Home Archive Vol.38, No.2, 2012 Actualities A Comparative Study for Methods of Content Search in Multimedia Databases with Endoscopic Images

A Comparative Study for Methods of Content Search in Multimedia Databases with Endoscopic Images

 


D.D. Garaiman(1), A. Saftoiu(2)

(1)IT Department, University of Medicine and Pharmacy of Craiova;

(2) Department of Gastroenterology, University of Medicine and Pharmacy of Craiova

Abstract:

This is a comparative study for nerecursive algorithms content search in multimedia databases with endoscopic images are based three methods of deciding the similarities between the models of images: Minkowsky distance, generalized measure Jaccard and correlated measure Pearson.

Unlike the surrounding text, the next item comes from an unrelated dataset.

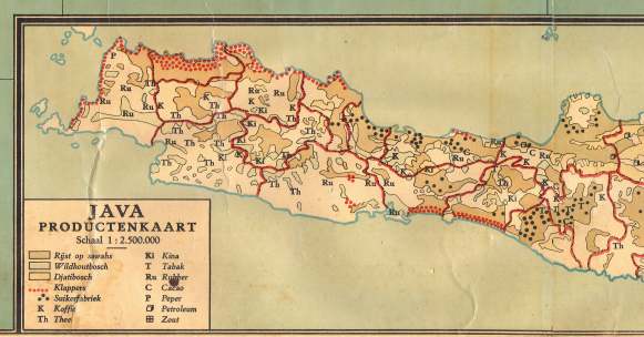 Figure 5. ‘Java Productenkaart’, scale 1 : 2.500.000. Map extract of ‘Wandkaart van Nederl.-Oost-Indië’, by W. van Gelder and C. Lekkerkerker, 1928, 7th edition, published by J.B. Wolters, 110 x 221 cm, scale 1 : 2.500.000.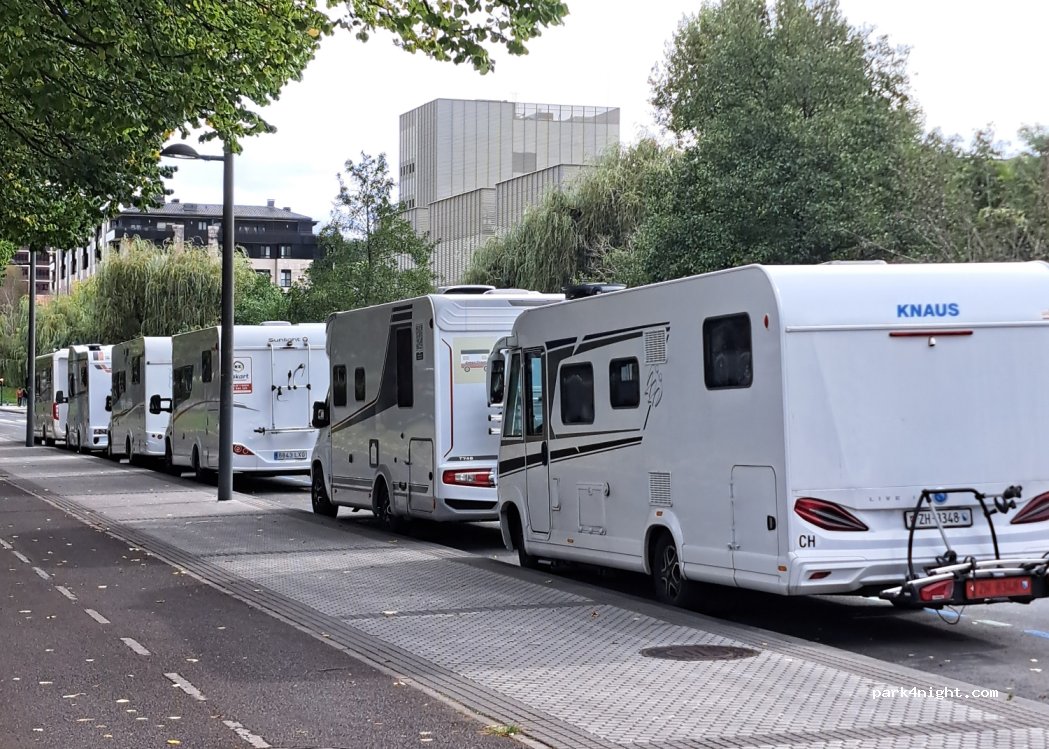 Buen lugar para aparcar, pernoctar y visitar la cuidad. Otros aparcamientos de la zona tienen el problema de tener cierta pendiente y sobresalir de las líneas (en la calle o acera) al ser en batería, aquí el aparcamiento es más plano y en línea. Inconveniente: mucho ruido de vehículos.

The performance of the search has been measured according to three parameters: reapel, precision and the quality of retrieval. The model of representing the images are the normalized color histogram. The color space of the images are RGB reduced to 125 and 256 colors and HSV reduced to 162 and 256 colors. The study was realized in a database containing 360 images grouped in 23 categories. The results are presented both in tables and graphs.

key words multimedia database, endoscopic images, methods of deciding the similarities, color space, nerecursive algorithms content search


Introduction


Currently, most areas of activity of medical life facing an explosion of information on the nature of multimedia in general, and especially image. Have been developed and continue to develop effective systems management information both multimedia retrieval by content and its. Most systems are implemented on the investigation and treatment equipment, but in recent years the foundations of the development of databases conventional medical data and medical images at improving medical and decision act, but also medical education and research activities.

The systems of searching according to contents in a multimedia databases with medical images allow for the storage of large quantities of modeled images as they are able to come up with images similar to the target image. They utilize in subsidiary algorithms of content search, algorithms that are based methods of deciding the similarities between two image models.

The study aims at determining and comparing the extremely algorithms content search using three different methods of deciding the similarities for one multimedia dabase with endoscopic images with models to represent in color spaces RGB and HSV.

The performance of the retrieval process is measured according to three parameters:

1. Reappeal (R) measured the ability of the system to retrieve relevant information from the data base. Reappeal is defined as the proportion between the number of retrieved relevant items and the total number of relevant items.

2. Precision (P) measured the accuracy of the retrieval process. It is defined as the proportion between the number of retrieved relevant items and the total number of retrieved items.

3. The quality of the retrieval (CR) is established by the order of the retrieved items, and it is defined according to the following formula:

                  (1)

where n is the total number of relevant items.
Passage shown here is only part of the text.